Task to complete -
Please write out the records exactly.

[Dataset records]
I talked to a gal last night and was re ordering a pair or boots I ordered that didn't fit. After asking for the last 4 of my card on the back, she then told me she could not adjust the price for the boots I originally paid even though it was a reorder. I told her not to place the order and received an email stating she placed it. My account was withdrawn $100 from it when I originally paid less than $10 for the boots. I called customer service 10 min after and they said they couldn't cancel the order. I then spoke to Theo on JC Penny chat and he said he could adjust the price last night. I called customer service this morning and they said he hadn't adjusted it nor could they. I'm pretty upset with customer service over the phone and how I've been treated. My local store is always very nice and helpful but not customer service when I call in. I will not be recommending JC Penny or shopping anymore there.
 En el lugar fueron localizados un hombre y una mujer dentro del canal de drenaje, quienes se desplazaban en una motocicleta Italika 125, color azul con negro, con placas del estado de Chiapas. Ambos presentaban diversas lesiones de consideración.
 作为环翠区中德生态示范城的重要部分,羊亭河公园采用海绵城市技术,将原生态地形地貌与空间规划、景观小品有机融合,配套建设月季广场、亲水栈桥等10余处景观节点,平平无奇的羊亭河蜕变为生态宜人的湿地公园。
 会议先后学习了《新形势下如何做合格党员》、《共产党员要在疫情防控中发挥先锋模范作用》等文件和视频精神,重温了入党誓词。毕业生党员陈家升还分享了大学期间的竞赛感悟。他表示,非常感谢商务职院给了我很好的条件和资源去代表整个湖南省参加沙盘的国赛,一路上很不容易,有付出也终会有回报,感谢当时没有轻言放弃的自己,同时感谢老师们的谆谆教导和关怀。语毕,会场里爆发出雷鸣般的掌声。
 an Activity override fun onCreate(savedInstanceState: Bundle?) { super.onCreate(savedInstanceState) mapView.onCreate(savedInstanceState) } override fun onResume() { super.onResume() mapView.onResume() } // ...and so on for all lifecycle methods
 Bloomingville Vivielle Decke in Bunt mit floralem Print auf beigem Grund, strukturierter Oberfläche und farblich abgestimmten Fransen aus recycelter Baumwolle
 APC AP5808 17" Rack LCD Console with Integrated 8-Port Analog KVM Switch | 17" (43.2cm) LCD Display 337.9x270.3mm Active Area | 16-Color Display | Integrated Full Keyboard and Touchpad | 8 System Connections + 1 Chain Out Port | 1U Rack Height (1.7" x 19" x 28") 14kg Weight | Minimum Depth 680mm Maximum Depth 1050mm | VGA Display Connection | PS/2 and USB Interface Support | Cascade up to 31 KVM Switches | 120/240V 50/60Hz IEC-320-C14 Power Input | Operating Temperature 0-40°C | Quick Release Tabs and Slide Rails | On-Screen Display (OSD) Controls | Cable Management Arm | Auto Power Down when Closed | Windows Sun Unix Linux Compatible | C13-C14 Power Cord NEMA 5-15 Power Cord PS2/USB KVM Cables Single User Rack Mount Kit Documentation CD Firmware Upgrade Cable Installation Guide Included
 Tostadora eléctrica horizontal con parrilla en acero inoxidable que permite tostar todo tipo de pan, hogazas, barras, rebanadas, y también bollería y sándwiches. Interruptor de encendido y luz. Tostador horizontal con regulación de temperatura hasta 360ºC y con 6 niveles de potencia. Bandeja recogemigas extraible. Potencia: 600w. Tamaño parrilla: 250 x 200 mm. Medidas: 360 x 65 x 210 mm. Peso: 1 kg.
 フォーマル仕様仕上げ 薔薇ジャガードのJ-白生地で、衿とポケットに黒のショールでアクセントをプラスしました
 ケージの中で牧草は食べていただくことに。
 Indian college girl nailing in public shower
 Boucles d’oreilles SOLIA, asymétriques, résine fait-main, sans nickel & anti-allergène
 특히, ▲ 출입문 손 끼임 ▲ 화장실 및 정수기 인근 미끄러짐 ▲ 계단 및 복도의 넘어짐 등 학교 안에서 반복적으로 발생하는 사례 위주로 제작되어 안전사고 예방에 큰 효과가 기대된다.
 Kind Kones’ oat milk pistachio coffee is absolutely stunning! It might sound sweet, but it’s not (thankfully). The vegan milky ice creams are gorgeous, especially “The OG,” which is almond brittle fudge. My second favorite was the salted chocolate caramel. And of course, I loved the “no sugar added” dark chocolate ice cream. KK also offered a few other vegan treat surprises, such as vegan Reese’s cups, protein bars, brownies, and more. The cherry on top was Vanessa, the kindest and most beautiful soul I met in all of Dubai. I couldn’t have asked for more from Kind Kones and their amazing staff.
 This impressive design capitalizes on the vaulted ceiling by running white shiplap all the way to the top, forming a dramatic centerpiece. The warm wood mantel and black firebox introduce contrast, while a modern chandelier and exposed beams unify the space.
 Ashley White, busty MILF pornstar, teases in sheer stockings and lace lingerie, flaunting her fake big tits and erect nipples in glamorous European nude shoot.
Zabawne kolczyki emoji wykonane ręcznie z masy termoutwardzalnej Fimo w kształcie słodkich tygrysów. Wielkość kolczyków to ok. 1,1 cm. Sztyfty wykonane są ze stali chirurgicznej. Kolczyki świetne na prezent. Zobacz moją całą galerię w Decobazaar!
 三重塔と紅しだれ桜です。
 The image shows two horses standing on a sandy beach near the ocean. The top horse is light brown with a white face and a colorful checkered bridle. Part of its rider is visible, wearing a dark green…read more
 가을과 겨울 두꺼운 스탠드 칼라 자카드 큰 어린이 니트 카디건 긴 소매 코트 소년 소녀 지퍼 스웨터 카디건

Result of this exercise -
I talked to a gal last night and was re ordering a pair or boots I ordered that didn't fit. After asking for the last 4 of my card on the back, she then told me she could not adjust the price for the boots I originally paid even though it was a reorder. I told her not to place the order and received an email stating she placed it. My account was withdrawn $100 from it when I originally paid less than $10 for the boots. I called customer service 10 min after and they said they couldn't cancel the order. I then spoke to Theo on JC Penny chat and he said he could adjust the price last night. I called customer service this morning and they said he hadn't adjusted it nor could they. I'm pretty upset with customer service over the phone and how I've been treated. My local store is always very nice and helpful but not customer service when I call in. I will not be recommending JC Penny or shopping anymore there.
 En el lugar fueron localizados un hombre y una mujer dentro del canal de drenaje, quienes se desplazaban en una motocicleta Italika 125, color azul con negro, con placas del estado de Chiapas. Ambos presentaban diversas lesiones de consideración.
 作为环翠区中德生态示范城的重要部分,羊亭河公园采用海绵城市技术,将原生态地形地貌与空间规划、景观小品有机融合,配套建设月季广场、亲水栈桥等10余处景观节点,平平无奇的羊亭河蜕变为生态宜人的湿地公园。
 会议先后学习了《新形势下如何做合格党员》、《共产党员要在疫情防控中发挥先锋模范作用》等文件和视频精神,重温了入党誓词。毕业生党员陈家升还分享了大学期间的竞赛感悟。他表示,非常感谢商务职院给了我很好的条件和资源去代表整个湖南省参加沙盘的国赛,一路上很不容易,有付出也终会有回报,感谢当时没有轻言放弃的自己,同时感谢老师们的谆谆教导和关怀。语毕,会场里爆发出雷鸣般的掌声。
 an Activity override fun onCreate(savedInstanceState: Bundle?) { super.onCreate(savedInstanceState) mapView.onCreate(savedInstanceState) } override fun onResume() { super.onResume() mapView.onResume() } // ...and so on for all lifecycle methods
 Bloomingville Vivielle Decke in Bunt mit floralem Print auf beigem Grund, strukturierter Oberfläche und farblich abgestimmten Fransen aus recycelter Baumwolle
 APC AP5808 17" Rack LCD Console with Integrated 8-Port Analog KVM Switch | 17" (43.2cm) LCD Display 337.9x270.3mm Active Area | 16-Color Display | Integrated Full Keyboard and Touchpad | 8 System Connections + 1 Chain Out Port | 1U Rack Height (1.7" x 19" x 28") 14kg Weight | Minimum Depth 680mm Maximum Depth 1050mm | VGA Display Connection | PS/2 and USB Interface Support | Cascade up to 31 KVM Switches | 120/240V 50/60Hz IEC-320-C14 Power Input | Operating Temperature 0-40°C | Quick Release Tabs and Slide Rails | On-Screen Display (OSD) Controls | Cable Management Arm | Auto Power Down when Closed | Windows Sun Unix Linux Compatible | C13-C14 Power Cord NEMA 5-15 Power Cord PS2/USB KVM Cables Single User Rack Mount Kit Documentation CD Firmware Upgrade Cable Installation Guide Included
 Tostadora eléctrica horizontal con parrilla en acero inoxidable que permite tostar todo tipo de pan, hogazas, barras, rebanadas, y también bollería y sándwiches. Interruptor de encendido y luz. Tostador horizontal con regulación de temperatura hasta 360ºC y con 6 niveles de potencia. Bandeja recogemigas extraible. Potencia: 600w. Tamaño parrilla: 250 x 200 mm. Medidas: 360 x 65 x 210 mm. Peso: 1 kg.
 フォーマル仕様仕上げ 薔薇ジャガードのJ-白生地で、衿とポケットに黒のショールでアクセントをプラスしました
 ケージの中で牧草は食べていただくことに。
 Indian college girl nailing in public shower
 Boucles d’oreilles SOLIA, asymétriques, résine fait-main, sans nickel & anti-allergène
 특히, ▲ 출입문 손 끼임 ▲ 화장실 및 정수기 인근 미끄러짐 ▲ 계단 및 복도의 넘어짐 등 학교 안에서 반복적으로 발생하는 사례 위주로 제작되어 안전사고 예방에 큰 효과가 기대된다.
 Kind Kones’ oat milk pistachio coffee is absolutely stunning! It might sound sweet, but it’s not (thankfully). The vegan milky ice creams are gorgeous, especially “The OG,” which is almond brittle fudge. My second favorite was the salted chocolate caramel. And of course, I loved the “no sugar added” dark chocolate ice cream. KK also offered a few other vegan treat surprises, such as vegan Reese’s cups, protein bars, brownies, and more. The cherry on top was Vanessa, the kindest and most beautiful soul I met in all of Dubai. I couldn’t have asked for more from Kind Kones and their amazing staff.
 This impressive design capitalizes on the vaulted ceiling by running white shiplap all the way to the top, forming a dramatic centerpiece. The warm wood mantel and black firebox introduce contrast, while a modern chandelier and exposed beams unify the space.
 Ashley White, busty MILF pornstar, teases in sheer stockings and lace lingerie, flaunting her fake big tits and erect nipples in glamorous European nude shoot.
Zabawne kolczyki emoji wykonane ręcznie z masy termoutwardzalnej Fimo w kształcie słodkich tygrysów. Wielkość kolczyków to ok. 1,1 cm. Sztyfty wykonane są ze stali chirurgicznej. Kolczyki świetne na prezent. Zobacz moją całą galerię w Decobazaar!
 三重塔と紅しだれ桜です。
 The image shows two horses standing on a sandy beach near the ocean. The top horse is light brown with a white face and a colorful checkered bridle. Part of its rider is visible, wearing a dark green…read more
 가을과 겨울 두꺼운 스탠드 칼라 자카드 큰 어린이 니트 카디건 긴 소매 코트 소년 소녀 지퍼 스웨터 카디건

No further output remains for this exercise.